My great-grandfather, who was a Holocaust survivor, left an archive of nearly 2,000 pages, which he donated to the Leo Baeck Institute. While reading through these thousands of pages, I came across a family story that he had written out. He wrote about how his mother-in-law (who would later be killed in Sobibor) was in possession of a treasured siddur that had been in the family for several generations. The Nazis burned this book on the night of Kristallnacht when they broke into the family home. My great-grandfather Karl was the one who had to tell my great-great grandmother of the fate of the book. His words exactly: “She cried. Then, calmly, she said: gam zu l’tova (this too, is for the good).” I was floored, almost to the point of anger, the first time I read this. How could she have possibly thought or said that this was all for the good?
My great-grandfather and I have both made our personal stories of pain into kinnot. I actually read this story right before I made a painting for a class final project as an undergrad. I painted myself standing next to Ahalya, a character from the Mahabharata who experiences sexual violence and is punished by being made invisible. I wrote “gam zu l’tova” with a question mark, questioning the limits of the phrase and whether or not its use is normalizing the trauma of women.

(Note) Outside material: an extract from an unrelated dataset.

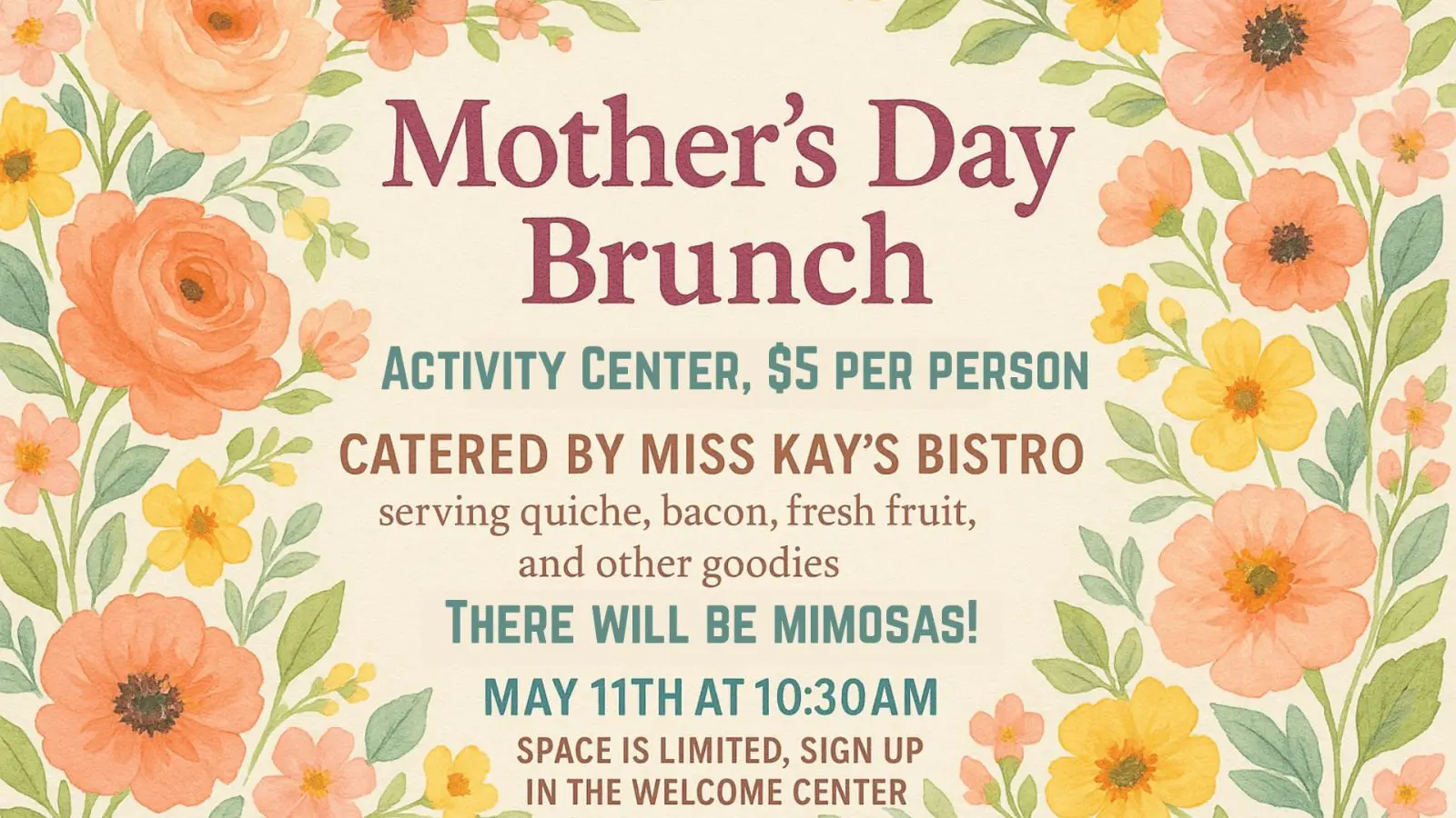 Mother’s Day Brunch Details: May 11, 10:30 AM – 12 PM

Now, four years after first reading the story and making the painting, I have a new appreciation for this phrase. Gam zu l’tova is not saying that this experience is good or that it was good that I was assaulted. Previously, this is what I thought it had to mean. I think the key to understanding the phrase lies in the lamed—my assault isn’t tov, but it can be used le’tov—for the good. Obviously, what I went through was and still is terrible, and I wish that I had the power to prevent any other woman from experiencing something similar. However, I can find good in this experience. I can use it for the good, and I can draw good out of it.

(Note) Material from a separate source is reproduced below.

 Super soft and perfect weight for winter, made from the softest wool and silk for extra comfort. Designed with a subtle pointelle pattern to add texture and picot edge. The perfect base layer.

My assault happened in the dark, but by talking openly about it I’ve taken in so much light. I know that I can also use what I went through as a light to other people. Even in the darkest and most horrible of times, there is still abundant light and abundance of God’s presence. I feel that finally, I am in a place where I can pick up the pieces of what happened to me on this day, hold them in my hands, stand in line behind my great-great grandmother, and utter: gam zu l’tova.